Current Issue
Gnosis is a diamond open access journal publishing evidence synthesis for global health equity. We publish complete meta-analyses, methodological innovations, and evidence updates in exactly 400 words - where the abstract is the paper - with specific focus on evidence relevant to low- and middle-income countries (LMICs).
Mission
Most systematic reviews and meta-analyses are conducted in high-income settings, analyzing trials from wealthy populations, with little consideration of transportability to resource-limited contexts. Gnosis addresses this evidence gap by prioritizing:
- Meta-analyses of interventions feasible in resource-limited settings
- Evidence from LMIC populations and healthcare systems
- Transportability analysis: how findings from high-income trials apply to developing country contexts
- Cost-effectiveness relevant to constrained health budgets
- Implementation considerations for low-resource settings
Our 400-word format serves clinicians and policymakers in developing countries who need rapid, accessible evidence without bandwidth limitations, subscription barriers, or time to read 8,000-word papers.
The Name
Gnosis (γνῶσις) - from Greek, meaning "knowledge" or "deep understanding" - represents evidence-informed wisdom accessible to all. In Islamic tradition, Irfan (عرفان) carries the same meaning: knowledge that illuminates and guides action. We chose this name to reflect our commitment to democratizing evidence synthesis for the global community.
Focus and Scope
Priority topics:
- Infectious diseases (tuberculosis, malaria, HIV, neglected tropical diseases)

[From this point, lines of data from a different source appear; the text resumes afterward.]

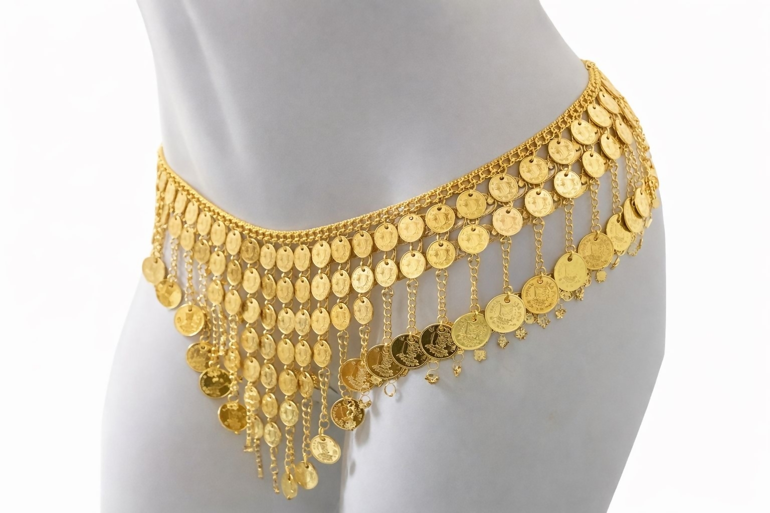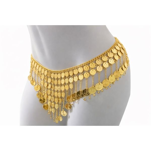 Cinto Odalisca – dourado, com moedas delicadas que criam brilho e movimento a cada passo. Um acessório marcante que realça a cintura e traz charme e sensualidade ao look!
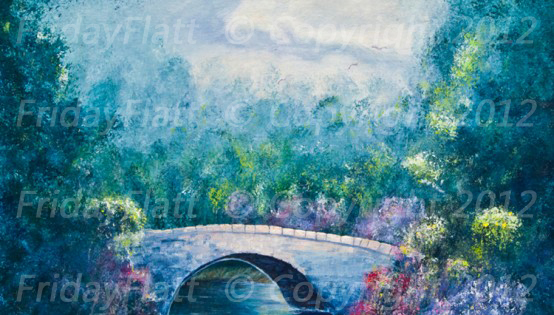 Garden Bridge: “Peace” acrylic on canvas 16”x20” original: $1250 giclee print on canvas 16×20 stretched gallery wrapped $650. matted giclee prints: 8×10: $75, 13×19:$125, 18×24: $225.
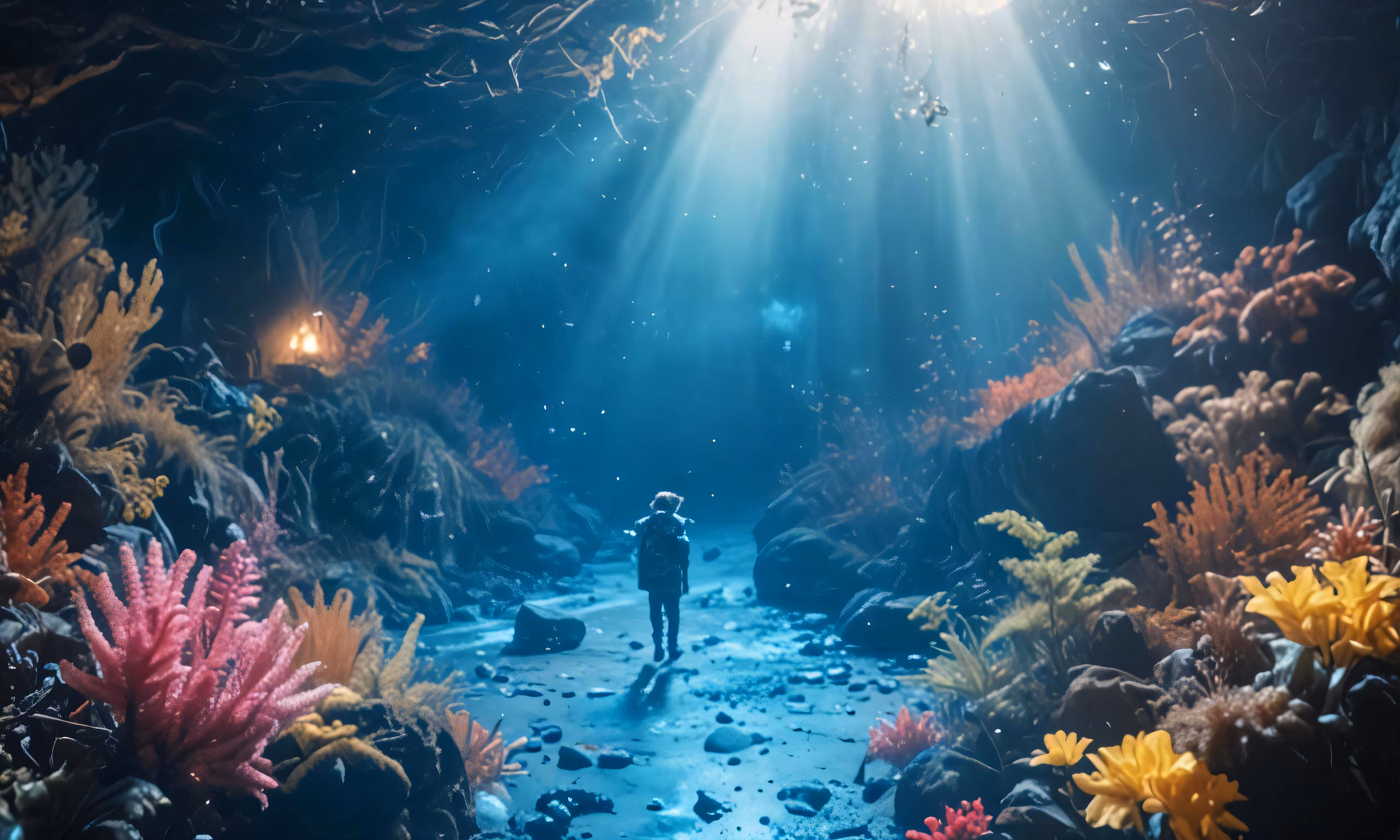 High resolution picture, free to use, a person standing in the middle of a room covered with fish
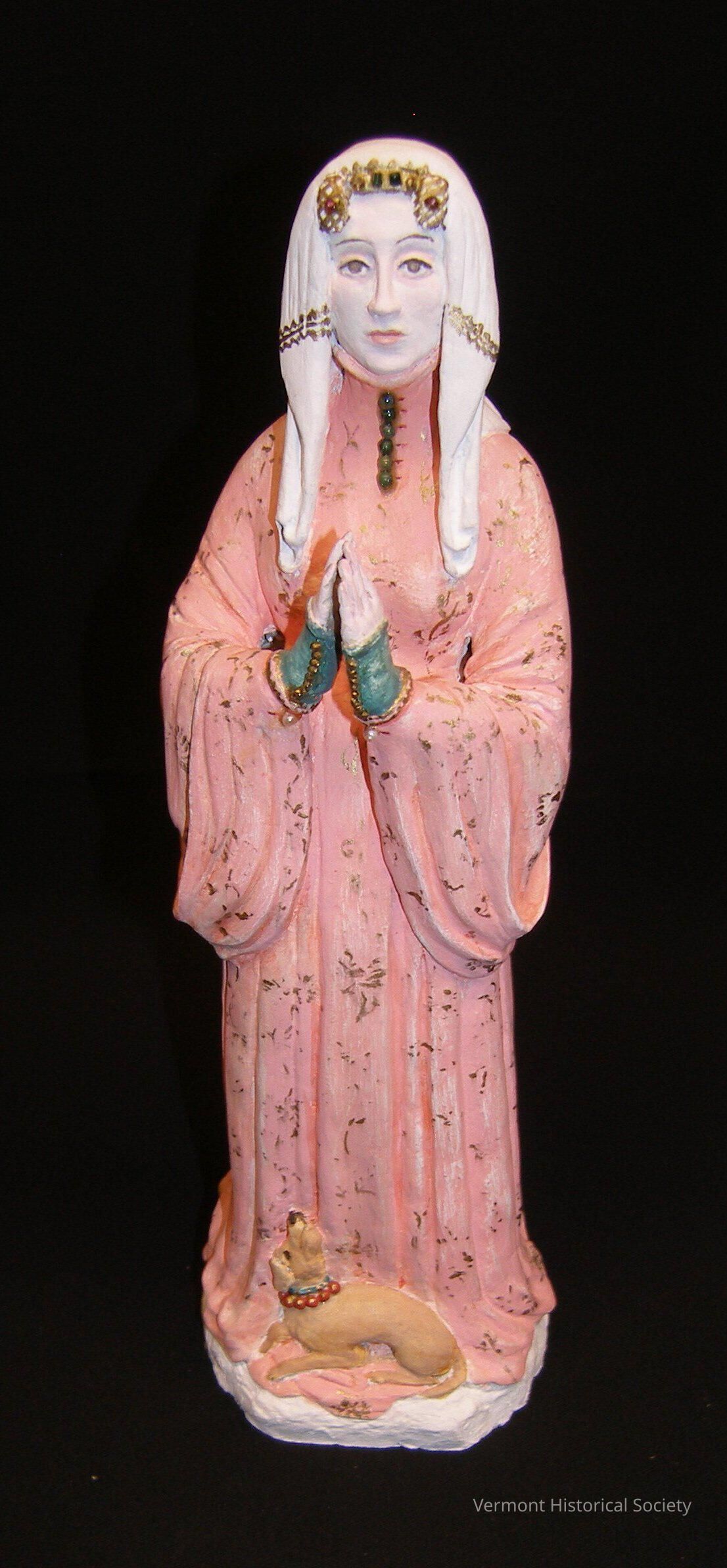 Female figure made of papier-mâché over a wire frame. She is shown wearing a white head covering and pink dress. There is a gold crown at her brow. Her dress has a high neckline with 6 buttons. Her diaphanous sleeves are gathered at her wrists, with short green cuffs or undersleeves covering her hands. There is a small dog at her feet.
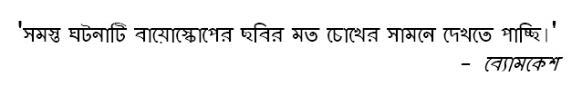 By the time Saradindu Bandyopadhyay has Byomkesh Bakshi mention these words in Chorabali, he has already solved the mystery of the disappearance of Harinath, teacher to the daughter of Himangshubabu. Saradindu does not deceive the reader by hiding details or springing surprises at the end of the story. Every single clue that Byomkesh uses to solve this fascinating case is presented with integrity and honesty to the reader. Saradindu even provides extra clues through Ajit. And when the reader is near the end of the story when Byomkesh reveals the sinister and sad chain of events at the Chorabali Estate, readers can analyze their own powers of deduction and find out how much of the story (from 0% to 100%) they could figure out from the clues themselves.
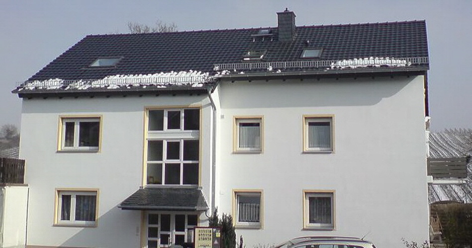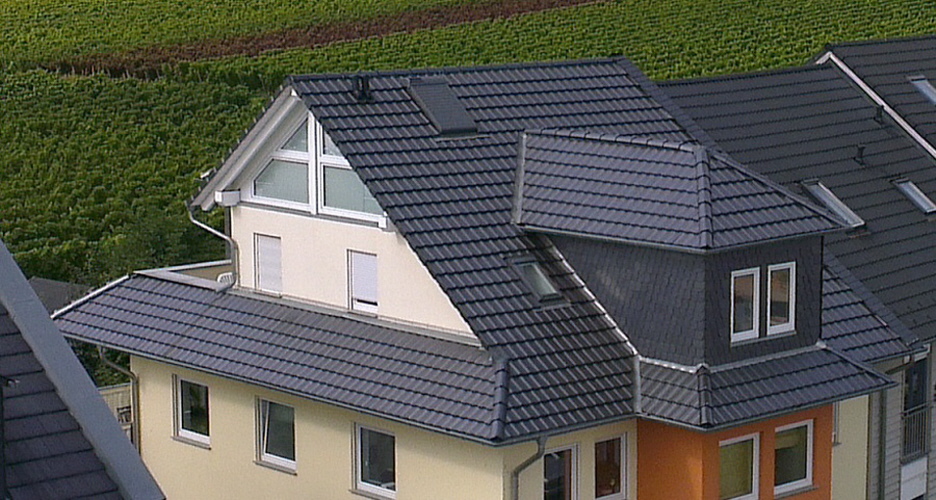 Ein Mehrfamilien Haus in Hattenheim gedeckt mit Tonziegel welche eine schwarzer Edelengobe haben
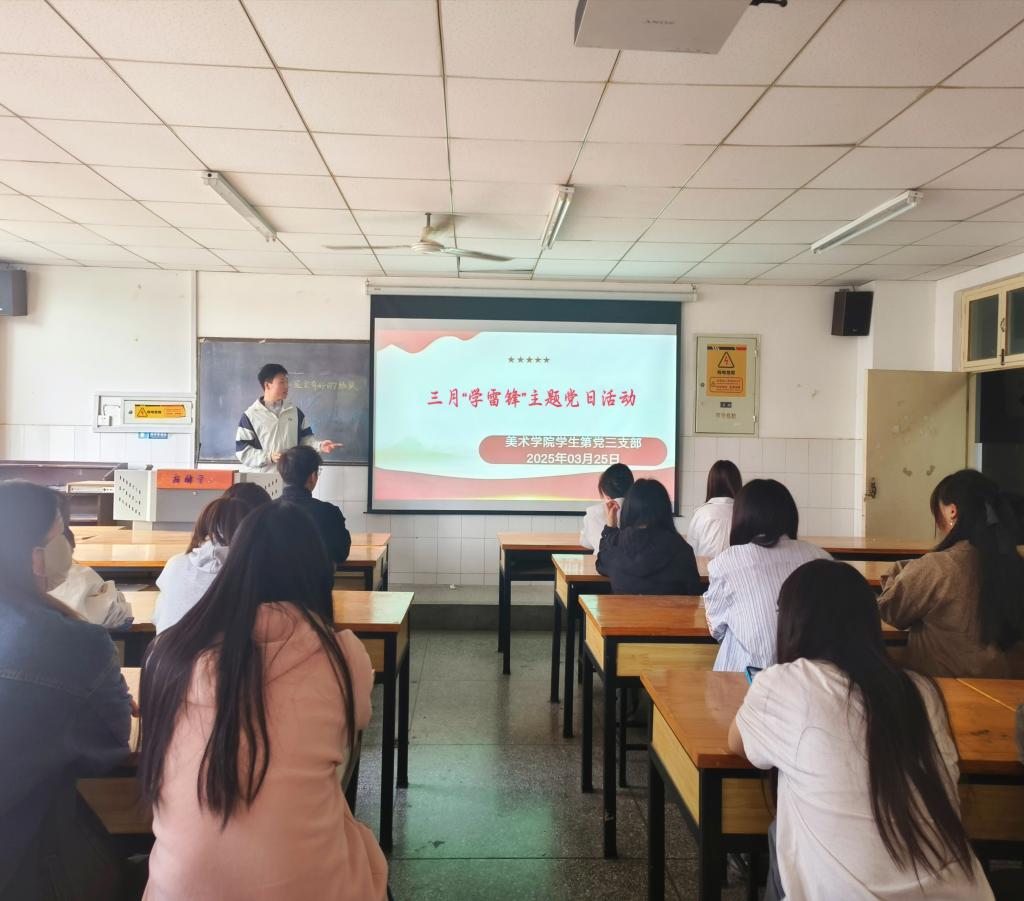 为弘扬新时代雷锋精神,推动党员志愿服务常态化,3月25日,学生第三党支部开展了“传承雷锋精神,践行使命担当”主题党日活动。活动由宣传委员栗奕翔主持,支部全体成员参加。
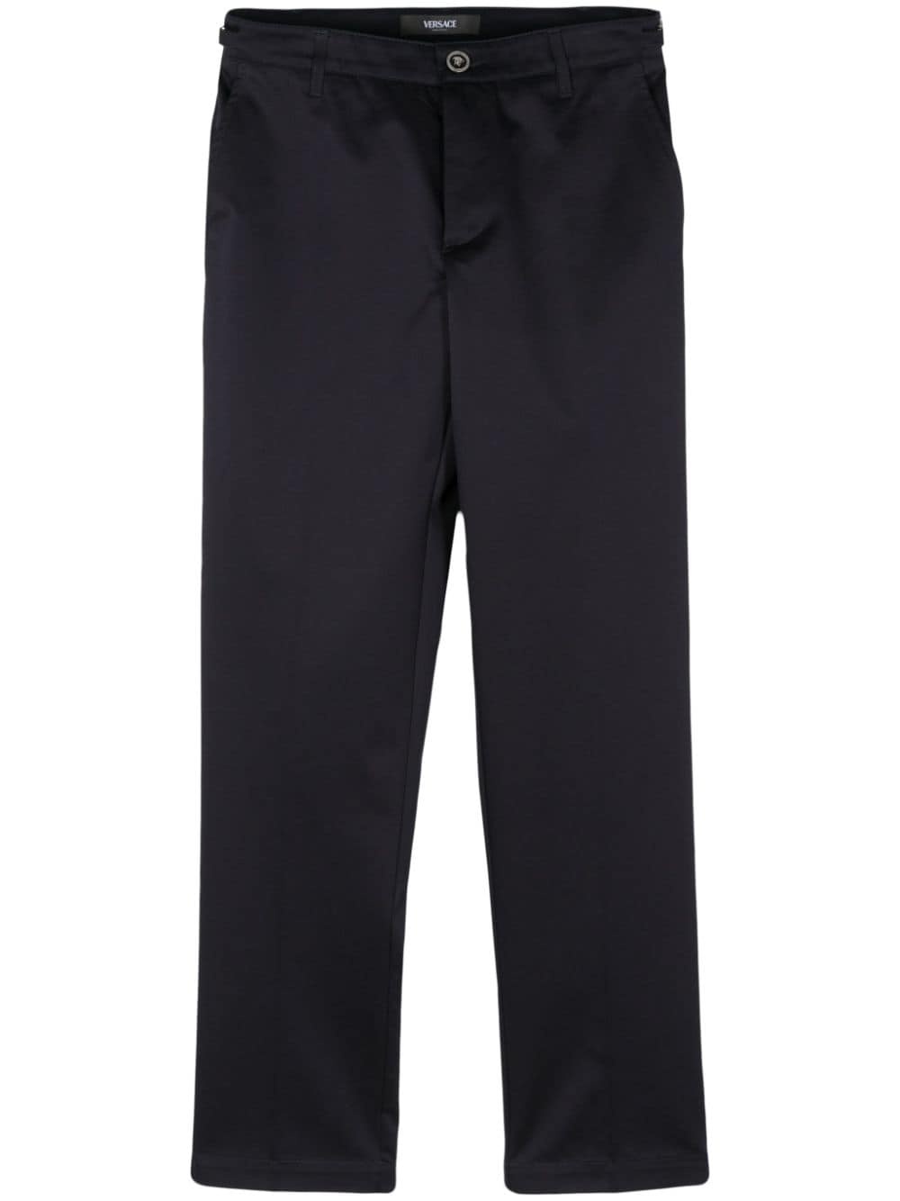 Medusa Head-motif cotton trousers Highlights - Navy blue - Cotton - Gabardine weave - Signature medusa head button - Medusa head-motif adjusters to the side - Embroidered logo to the rear - Pressed crease - Belt loops - Two side slit pockets - Two rear welt pockets - Front button and zip fastening Made in Italy Composition Cotton 100%, Viscose 80%, Polyester 20% Washing instructions Dry Clean Only
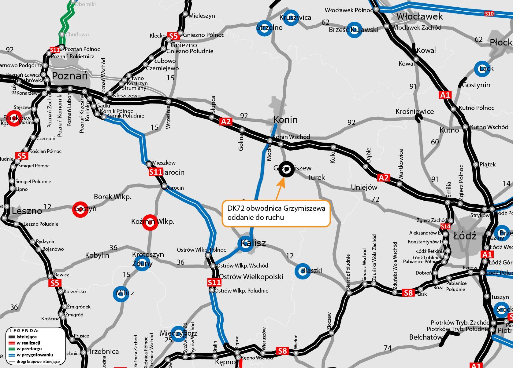Dzięki inwestycji nastąpi poprawa bezpieczeństwa zarówno mieszkańców Grzymiszewa, jak i kierowców podróżujących po DK72. Dotychczasowa trasa przechodząca przez centrum Grzymiszewa będzie służyła wyłącznie lokalnej społeczności. Wzrośnie również komfort przejazdu pomiędzy Koninem a Turkiem, a w dalszej perspektywie także z kierunku Sieradza i Łodzi.

- Maternal and child health interventions
- Non-communicable disease prevention in resource-limited settings
- Essential medicines and generic formulations
- Task-shifting and community health worker interventions
- Low-cost diagnostic strategies
- Implementation science in LMICs
- Traditional medicine integration where evidence-supported
We publish three article types:
- Meta-analyses (400 words): Complete evidence synthesis with explicit consideration of applicability to LMIC settings, including cost, infrastructure requirements, and local evidence when available
- Methods papers (400 words): Innovations in transportability assessment, evidence synthesis for resource-limited settings, or methods addressing LMIC-specific challenges
- Evidence updates (400 words): Rapid incorporation of new LMIC trial data into existing meta-analyses
Why This Matters
The global evidence gap:
- 90% of health research funding goes to diseases affecting 10% of the global population
- Most RCTs exclude populations typical of developing countries (co-morbidities, malnutrition, co-infections)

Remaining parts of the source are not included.